Leaving out the pictures, return each line of the entries from the first through the line with "Santa Monica Beach, California—One", and only those lines.

(Stored records)
%%
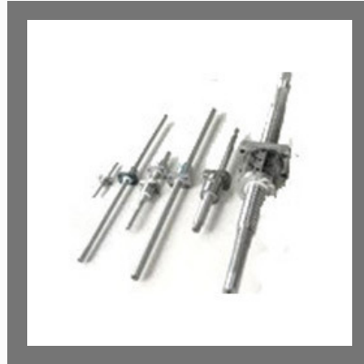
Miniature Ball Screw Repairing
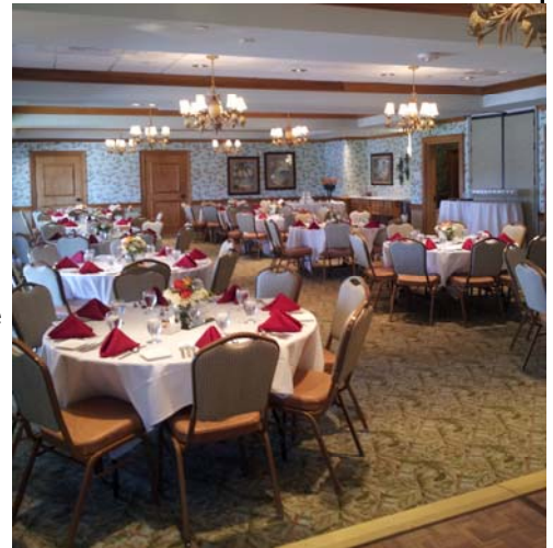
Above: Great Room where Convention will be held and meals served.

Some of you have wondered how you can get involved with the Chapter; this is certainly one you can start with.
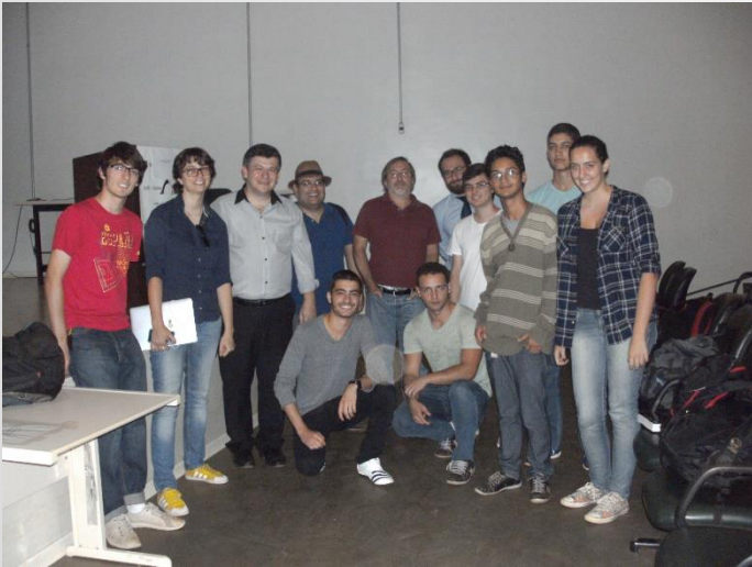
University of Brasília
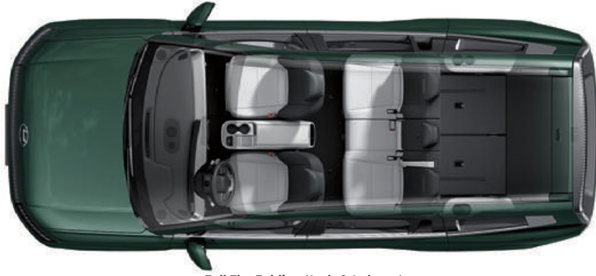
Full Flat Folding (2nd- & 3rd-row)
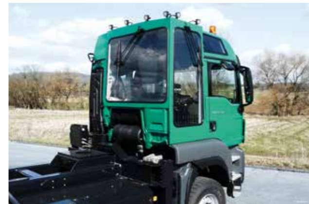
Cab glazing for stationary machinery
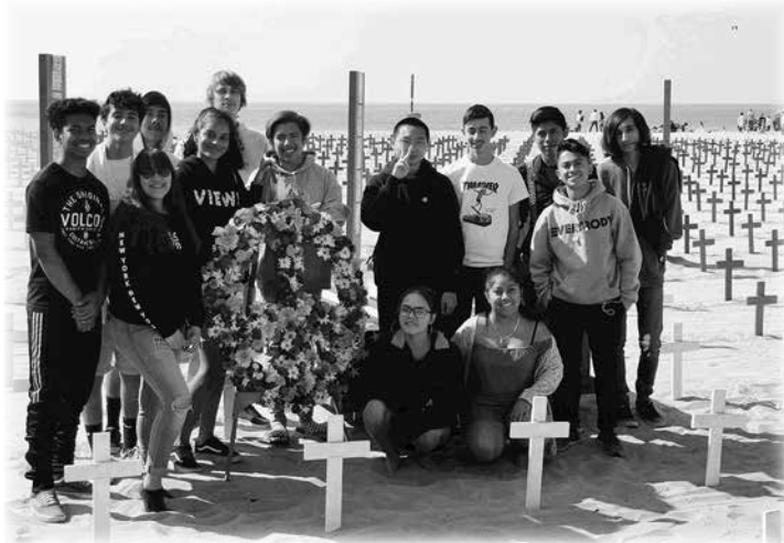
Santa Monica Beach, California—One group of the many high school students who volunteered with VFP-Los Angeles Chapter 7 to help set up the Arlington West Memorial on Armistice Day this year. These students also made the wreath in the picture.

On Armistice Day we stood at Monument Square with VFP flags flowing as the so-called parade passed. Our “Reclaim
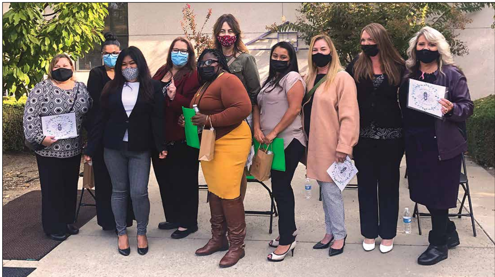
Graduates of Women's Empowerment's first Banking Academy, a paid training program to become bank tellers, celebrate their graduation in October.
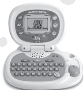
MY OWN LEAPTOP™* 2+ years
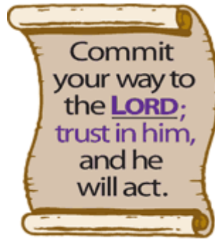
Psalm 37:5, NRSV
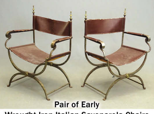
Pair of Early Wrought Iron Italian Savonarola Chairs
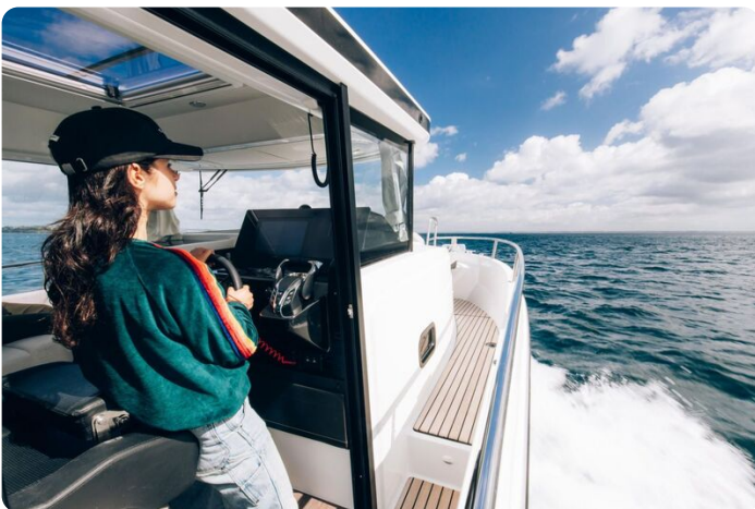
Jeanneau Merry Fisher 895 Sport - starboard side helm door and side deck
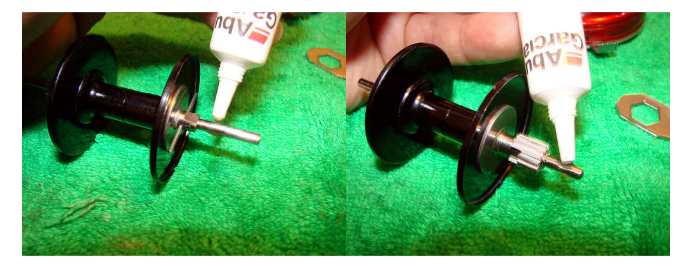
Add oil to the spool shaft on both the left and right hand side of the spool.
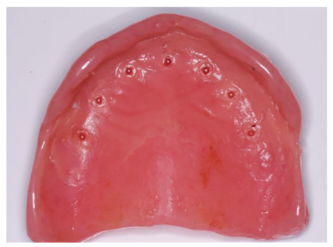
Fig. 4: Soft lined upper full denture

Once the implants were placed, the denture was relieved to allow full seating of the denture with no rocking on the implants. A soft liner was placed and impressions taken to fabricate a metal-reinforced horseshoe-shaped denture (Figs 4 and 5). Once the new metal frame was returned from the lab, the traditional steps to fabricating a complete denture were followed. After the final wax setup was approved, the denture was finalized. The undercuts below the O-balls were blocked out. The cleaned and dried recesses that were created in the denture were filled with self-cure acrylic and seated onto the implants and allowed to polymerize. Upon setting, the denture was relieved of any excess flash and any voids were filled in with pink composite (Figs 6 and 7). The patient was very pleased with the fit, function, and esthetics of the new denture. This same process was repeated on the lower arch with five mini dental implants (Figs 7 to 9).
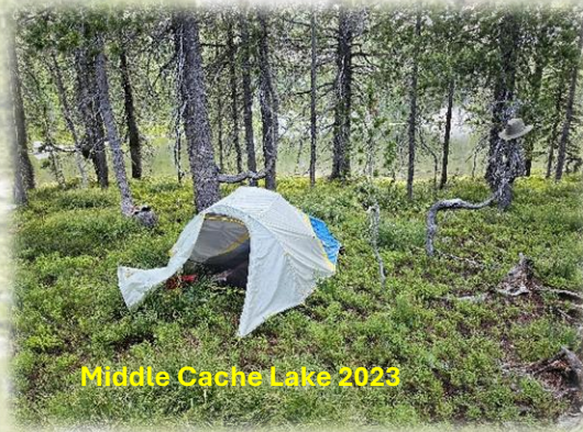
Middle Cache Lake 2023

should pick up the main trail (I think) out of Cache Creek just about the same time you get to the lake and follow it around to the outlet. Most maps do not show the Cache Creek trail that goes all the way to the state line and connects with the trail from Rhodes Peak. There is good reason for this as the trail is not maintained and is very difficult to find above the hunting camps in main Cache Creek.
%%
### Exercise answer
Miniature Ball Screw Repairing
Above: Great Room where Convention will be held and meals served.

Some of you have wondered how you can get involved with the Chapter; this is certainly one you can start with.
University of Brasília
Full Flat Folding (2nd- & 3rd-row)
Cab glazing for stationary machinery
Santa Monica Beach, California—One group of the many high school students who volunteered with VFP-Los Angeles Chapter 7 to help set up the Arlington West Memorial on Armistice Day this year. These students also made the wreath in the picture.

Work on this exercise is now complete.